Top of Records for this exercise

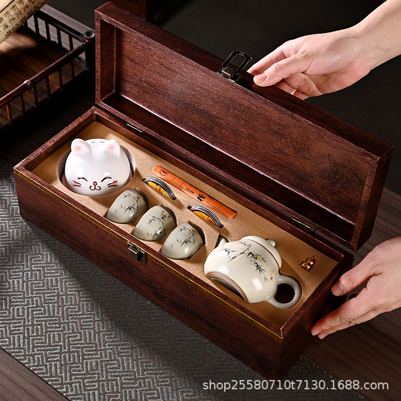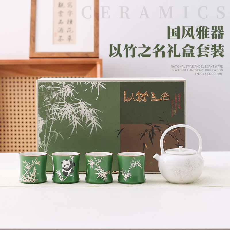 中国風の墨竹カンフー茶セットホームオフィスギフトハイエンドセラミックティーポットティーカップ香炉ギフトボックス
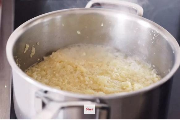 Finely chop the cauliflower (for whole cauliflower only): Halve the cauliflower through the stem. Cut a “V” shape around the core to remove the core from each half. Finely chop the cauliflower. The smaller the pieces, the faster the cauliflower will cook and the creamier the finished dish will be.
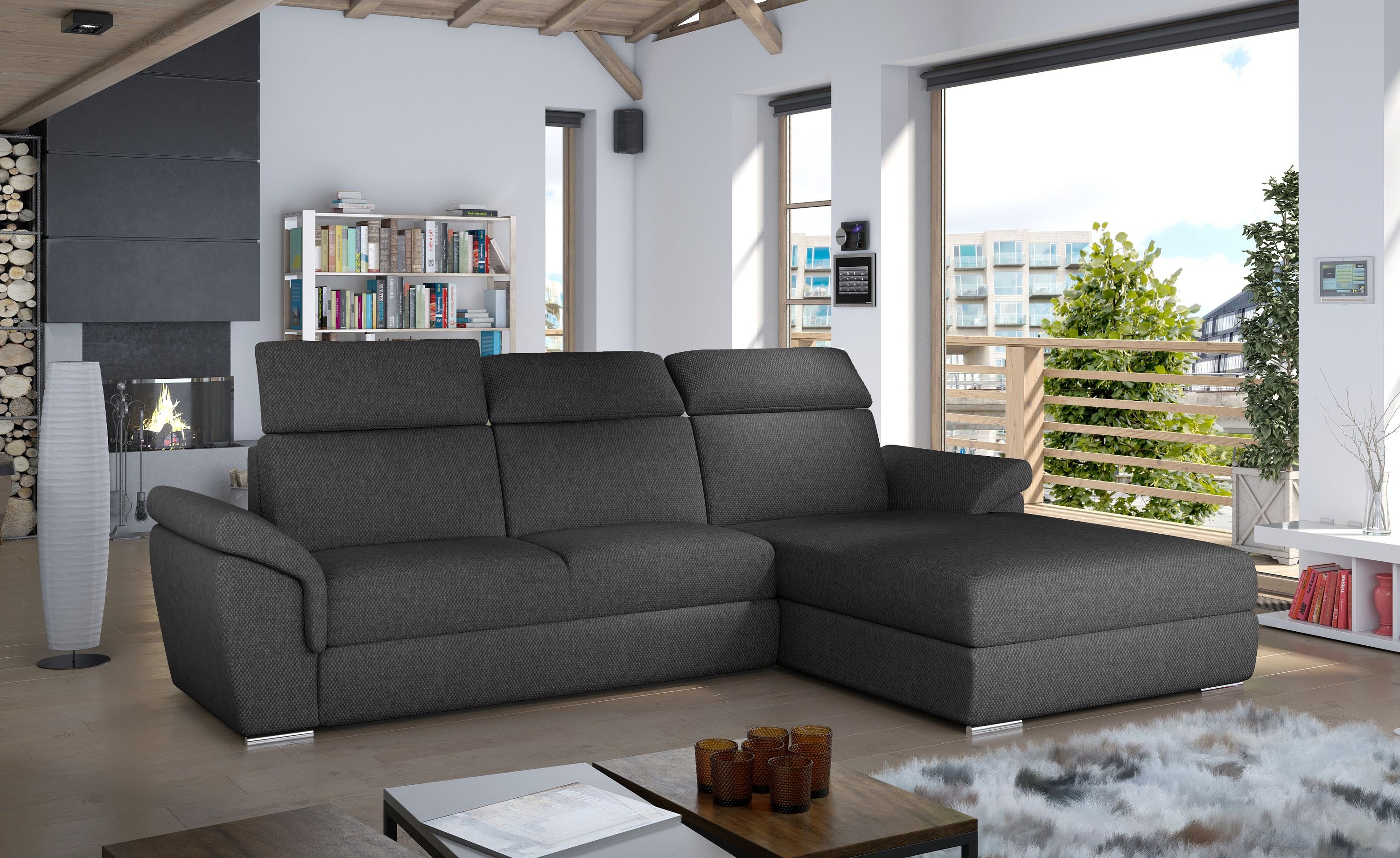 Das moderne Ecksofa mit Schlaffunktion und Bettkasten vereint Funktionalität und Stil. Verstellbare Kopf- und Armteile bieten individuellen Komfort, während metallische Füße Stabilität gewährleisten. Die ausprofilierten Rückenlehnen und geneigten Armlehnen sorgen für eine ergonomische Sitzposition. Die Sitze kombinieren Wellenfedern und T30-Schaumstoff für optimalen Sitzkomfort. Mit verstellbaren Kopfstützen können Sie Ihre Liegeposition anpassen. Erhältlich in verschiedenen Farben und Stoffen, passt dieses Ecksofa perfekt zu Ihrem Wohnstil.
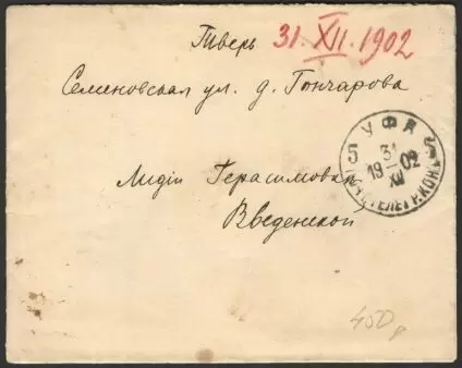 Обратного адреса не видно, да и фамилия отправителя скрыта, но из текстов становится ясно, что их автором был некто Евгений. На этих конвертах четко поставлены почтовые штемпели: уфимские за 31 декабря 1902 года и 5 января 1903 года, а также тверские от 4 и 9 января 1903 года. В то время почта работала так же быстро, как и сегодня — письма из Уфы в Тверь доходили менее чем за неделю.
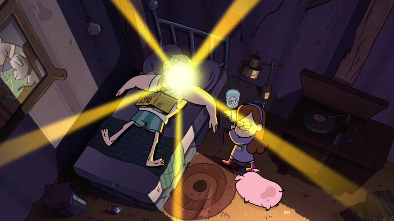 In "Carpet Diem," when the twins grow extremely regretful about sharing a room, they find another within the Shack. Since both want it, they decide to compete for the key to it, but unexpectedly swap bodies in the process and panic as a result. Mabel, being stuck in Dipper's body, began a campaign to make Dipper look bad in front of Stan so that Mabel can get the key to the new room from him. Most of this campaign consisted of breaking stuff and proclaiming she was Dipper. Mabel missed out on a sleepover scheduled that very night with Candy and Grenda to Dipper with her body. Mabel spies on the sleepover through a keyhole after being denied entry. Grunkle Stan, discovering this but believing that Mabel is Dipper, decides that Dipper is "at that creepy age where you spy on girls" and decides to tell him (her) about the birds and the bees. After being traumatized by this, Mabel loses the room to Dipper due to giving the impression that Dipper had decided to stand up to Stan. She continues to hide the key to the room from Dipper, however, and locks herself in the room. However, she is tricked into opening the door by Dipper. After this, she swaps bodies multiple times with multiple people, including Waddles, due mostly to conflict over the key to the room. After everybody is back in their own body and they talk it over, Mabel agrees to let Dipper have the room. The two eventually bond over attic mini-golf after they decide they miss being in the same room and share a room in the attic again.

Bottom of Records for this exercise

Exercise prompt — Repeat all the records exactly, images excluded.

Solved exercise —
 中国風の墨竹カンフー茶セットホームオフィスギフトハイエンドセラミックティーポットティーカップ香炉ギフトボックス
 Finely chop the cauliflower (for whole cauliflower only): Halve the cauliflower through the stem. Cut a “V” shape around the core to remove the core from each half. Finely chop the cauliflower. The smaller the pieces, the faster the cauliflower will cook and the creamier the finished dish will be.
 Das moderne Ecksofa mit Schlaffunktion und Bettkasten vereint Funktionalität und Stil. Verstellbare Kopf- und Armteile bieten individuellen Komfort, während metallische Füße Stabilität gewährleisten. Die ausprofilierten Rückenlehnen und geneigten Armlehnen sorgen für eine ergonomische Sitzposition. Die Sitze kombinieren Wellenfedern und T30-Schaumstoff für optimalen Sitzkomfort. Mit verstellbaren Kopfstützen können Sie Ihre Liegeposition anpassen. Erhältlich in verschiedenen Farben und Stoffen, passt dieses Ecksofa perfekt zu Ihrem Wohnstil.
 Обратного адреса не видно, да и фамилия отправителя скрыта, но из текстов становится ясно, что их автором был некто Евгений. На этих конвертах четко поставлены почтовые штемпели: уфимские за 31 декабря 1902 года и 5 января 1903 года, а также тверские от 4 и 9 января 1903 года. В то время почта работала так же быстро, как и сегодня — письма из Уфы в Тверь доходили менее чем за неделю.
 In "Carpet Diem," when the twins grow extremely regretful about sharing a room, they find another within the Shack. Since both want it, they decide to compete for the key to it, but unexpectedly swap bodies in the process and panic as a result. Mabel, being stuck in Dipper's body, began a campaign to make Dipper look bad in front of Stan so that Mabel can get the key to the new room from him. Most of this campaign consisted of breaking stuff and proclaiming she was Dipper. Mabel missed out on a sleepover scheduled that very night with Candy and Grenda to Dipper with her body. Mabel spies on the sleepover through a keyhole after being denied entry. Grunkle Stan, discovering this but believing that Mabel is Dipper, decides that Dipper is "at that creepy age where you spy on girls" and decides to tell him (her) about the birds and the bees. After being traumatized by this, Mabel loses the room to Dipper due to giving the impression that Dipper had decided to stand up to Stan. She continues to hide the key to the room from Dipper, however, and locks herself in the room. However, she is tricked into opening the door by Dipper. After this, she swaps bodies multiple times with multiple people, including Waddles, due mostly to conflict over the key to the room. After everybody is back in their own body and they talk it over, Mabel agrees to let Dipper have the room. The two eventually bond over attic mini-golf after they decide they miss being in the same room and share a room in the attic again.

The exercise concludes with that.